● **PROVIDED MATERIAL**:

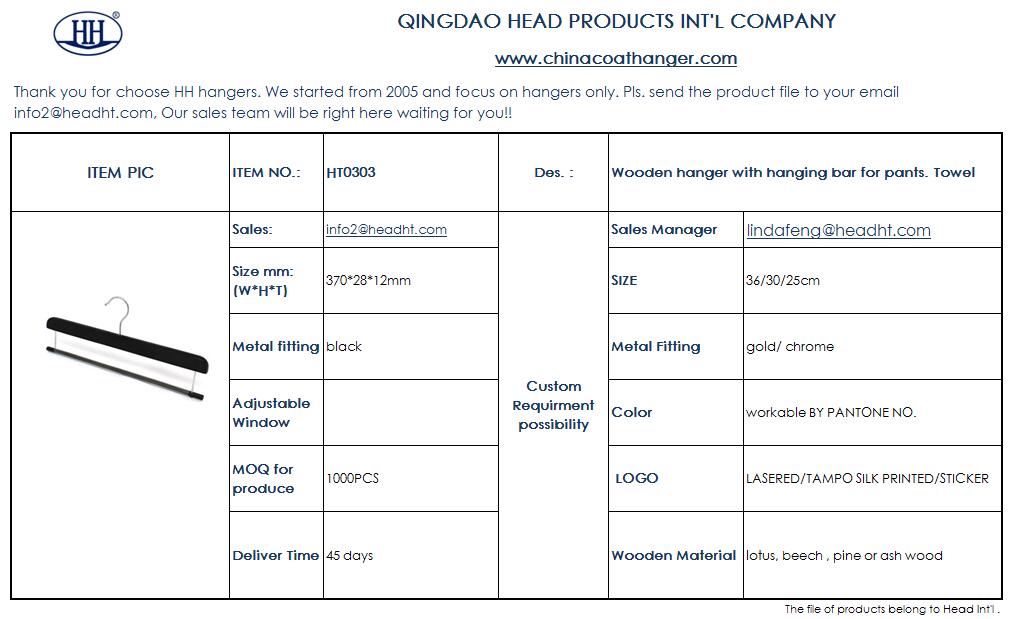 • ITEM NO.:  HT0303    WOODEN BOTTOM HANGER - TROUSERS SKIRT HANGER
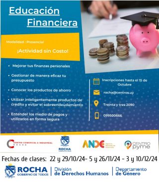 21-10-2024 Atención! Invitación a curso gratuito de Educación Financiera que promovemos desde Departamento de Género para todas las personas interesadas. Consiste en tener los ingresos suficientes para cubrir todas las necesidades económicas. Establecer prioridades, controlar el gasto y trazar una estrategia para generar ingresos resulta clave para conseguir este objetivo al que aspiran muchas personas cuando piensan en su salud financiera Las personas que no adquieren conocimientos afines, generalmente no tienen buenos hábitos de consumo y ahorro, por lo que no cuentan con montos de dinero que sirvan para solventarse habitualmente (...)
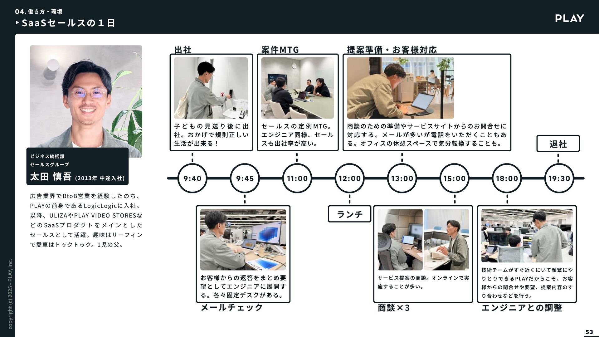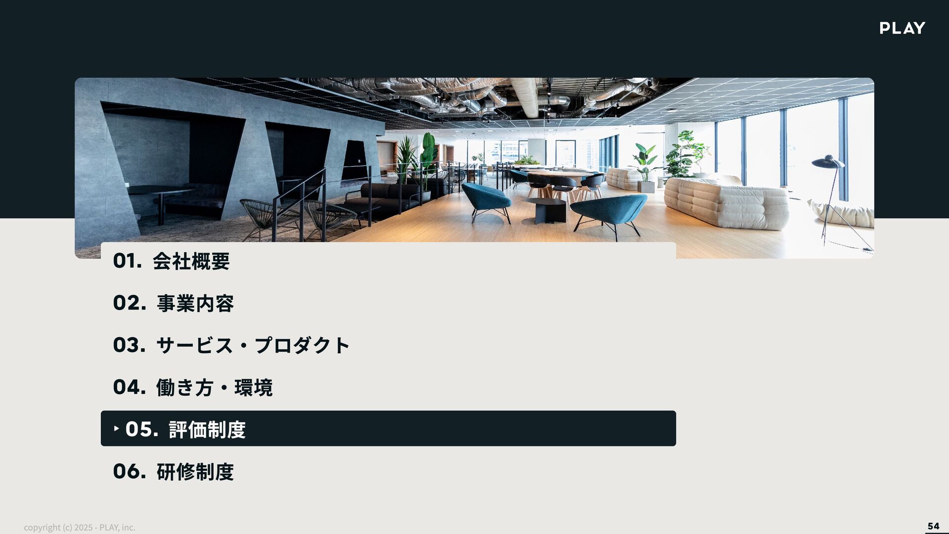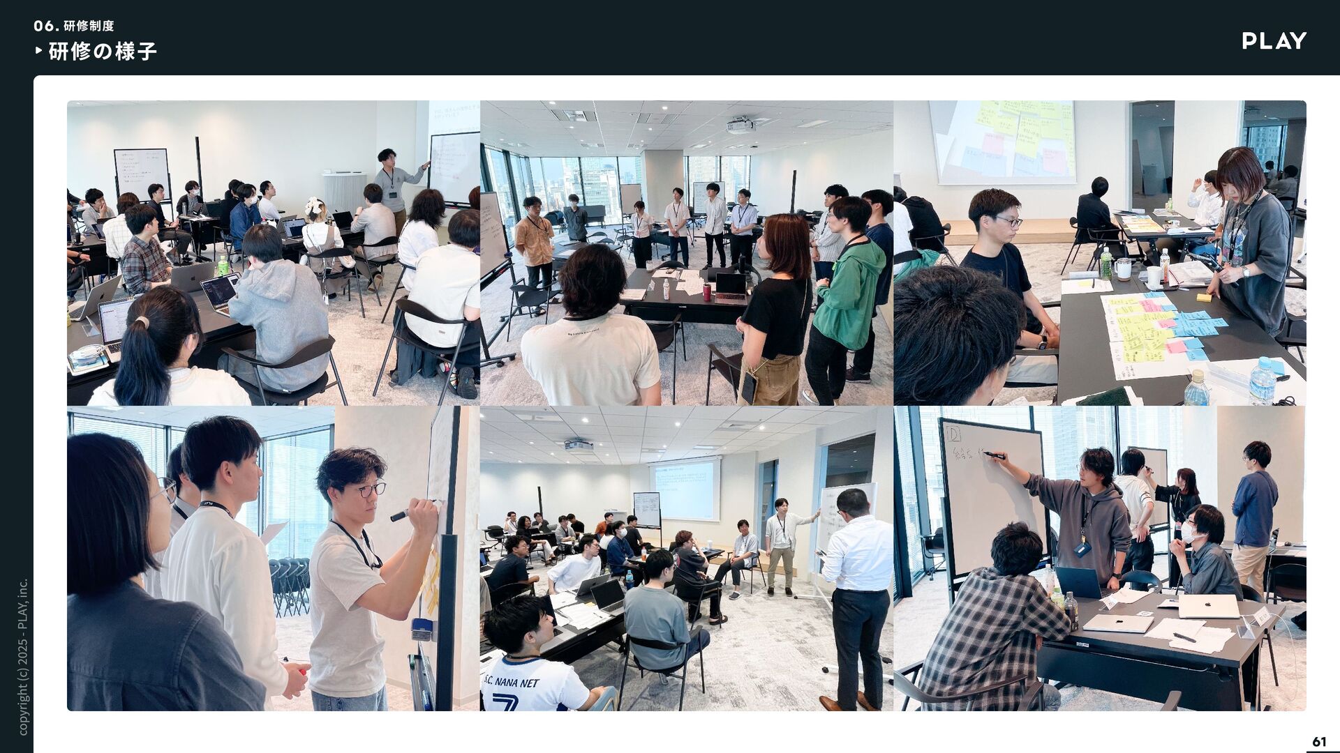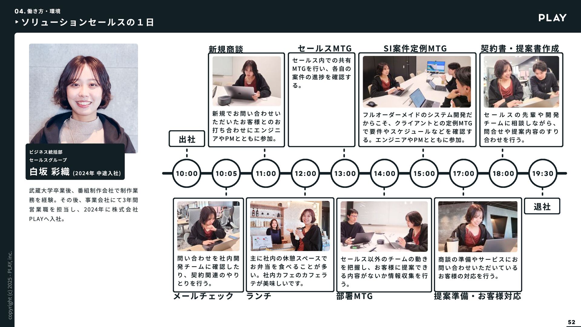 ・ 補 助 金 copyright (c) 2025 - PLAY, inc. 49 結婚祝金 30,000円 従業員が結婚した際に支給 出産祝金 10,000円 従業員が出産した際に支給 災害見舞金 上限 100,000円 本人の住居または同居親族の住居が天変地異により災害にあった際に支給 入社時転居補助金 上限 200,000円 転居を伴う入社の場合、引越し運送費用を補助 ※新卒入社社員のみ対象 健康診断費用補助 全額 健康診断や人間ドッグに加え、肺CTや脳MR、婦人科健診など法定を上回る健診を全額負担 人材紹介一時金 500,000円 人材を紹介し入社に至った際、紹介した社員に対し支給 項目 金額 条件等 その他、社員をサポートする福利厚生も充実しています。 ※具体的な内容や条件については面接時にお尋ねください。
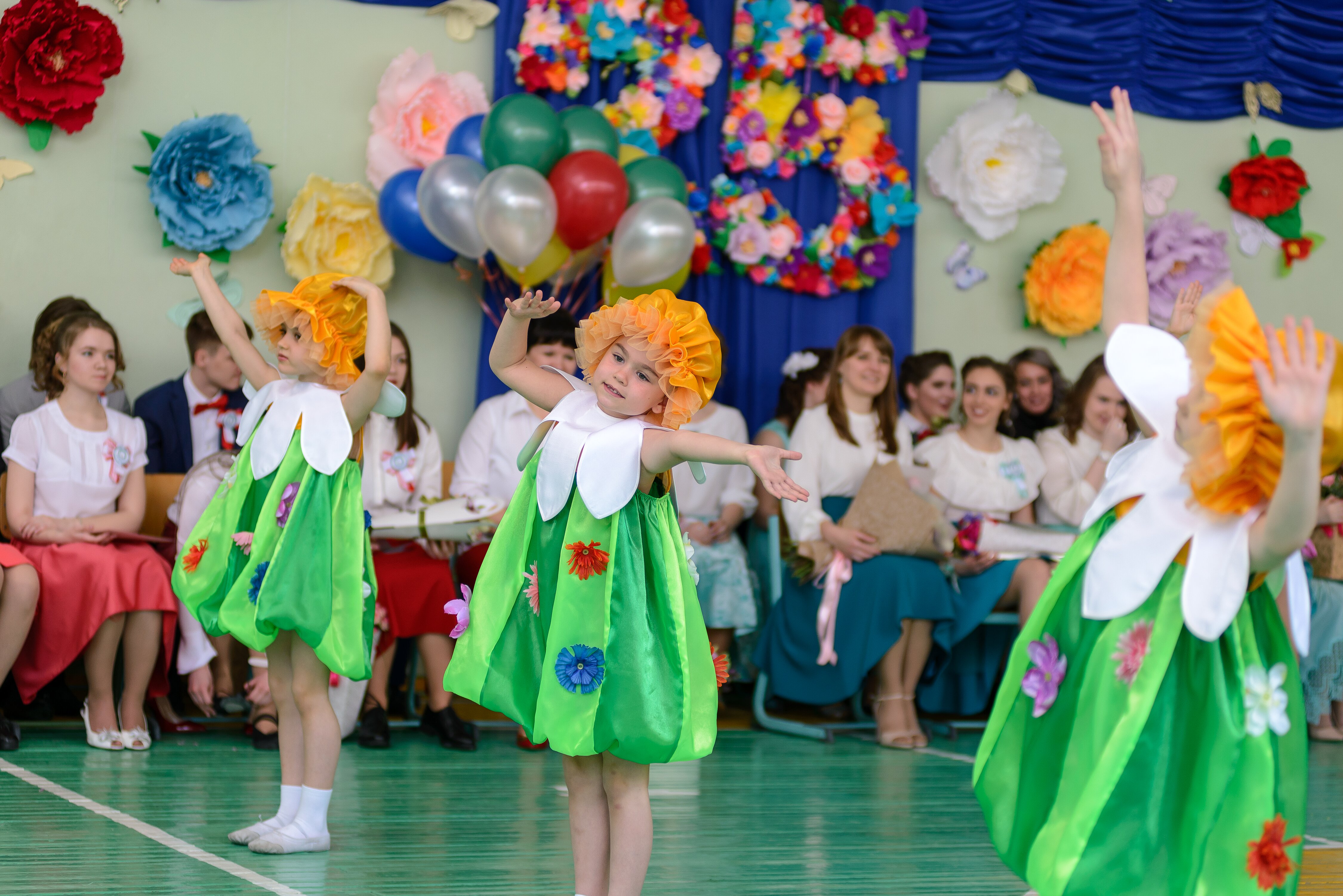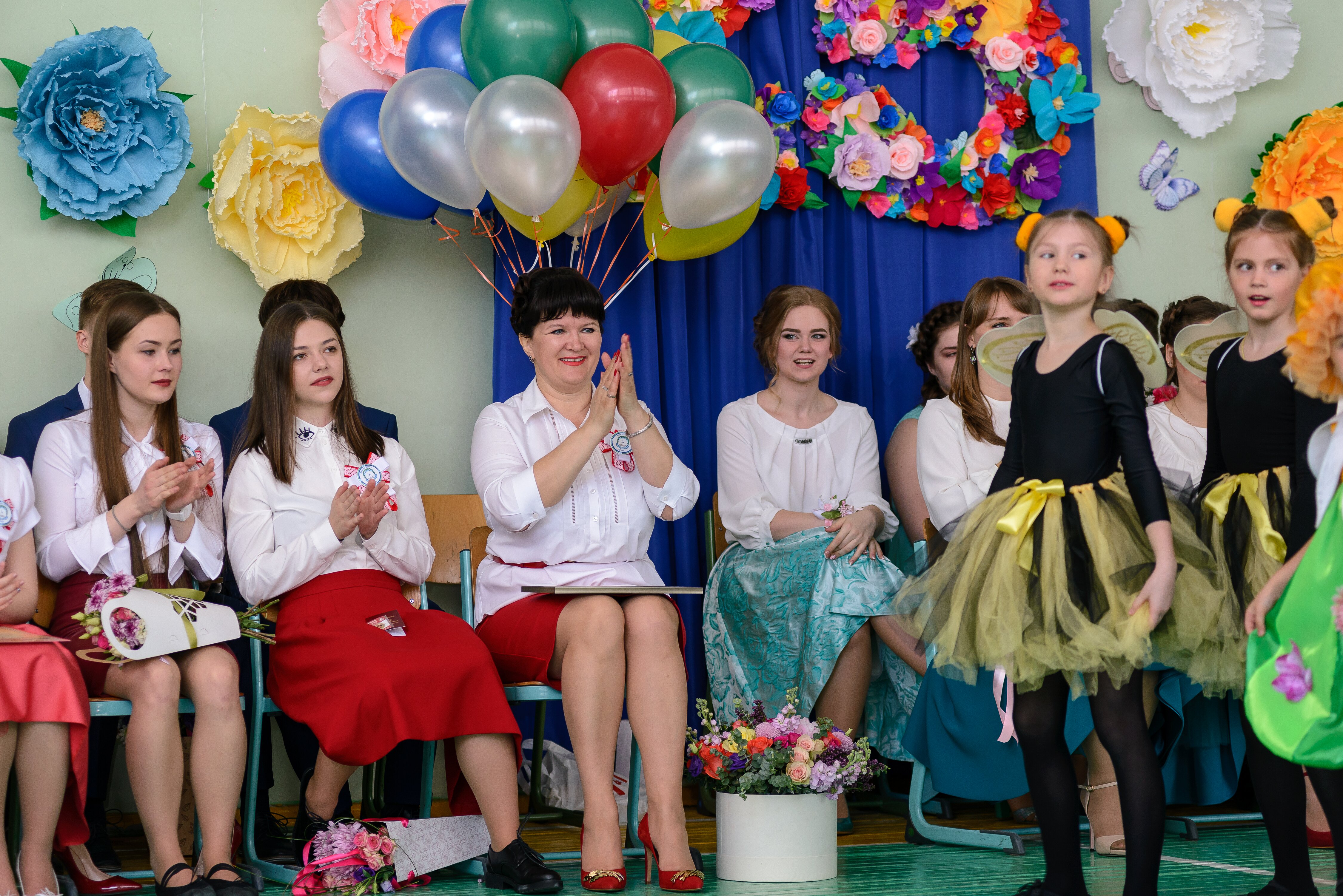 Хочу добавить, что вся атрибутика, украшение зала, все сделано руками мам и пап. Весь стиль оформления торжественной линейки, и одежды, а также сценарий и участие в съемках клипа-задумка родителей выпускников.

● **WHAT NEEDS TO BE DONE**:
Please copy exactly, and only, the lines from the one that contains "条件等 その他、社員をサポートする福利厚生も充実しています。 ※具体的な内容や条件については面接時にお尋ねください。" through the last line of the data above, omitting all pictures.

● **SOLVED EXERCISE**:
 ・ 補 助 金 copyright (c) 2025 - PLAY, inc. 49 結婚祝金 30,000円 従業員が結婚した際に支給 出産祝金 10,000円 従業員が出産した際に支給 災害見舞金 上限 100,000円 本人の住居または同居親族の住居が天変地異により災害にあった際に支給 入社時転居補助金 上限 200,000円 転居を伴う入社の場合、引越し運送費用を補助 ※新卒入社社員のみ対象 健康診断費用補助 全額 健康診断や人間ドッグに加え、肺CTや脳MR、婦人科健診など法定を上回る健診を全額負担 人材紹介一時金 500,000円 人材を紹介し入社に至った際、紹介した社員に対し支給 項目 金額 条件等 その他、社員をサポートする福利厚生も充実しています。 ※具体的な内容や条件については面接時にお尋ねください。
 Хочу добавить, что вся атрибутика, украшение зала, все сделано руками мам и пап. Весь стиль оформления торжественной линейки, и одежды, а также сценарий и участие в съемках клипа-задумка родителей выпускников.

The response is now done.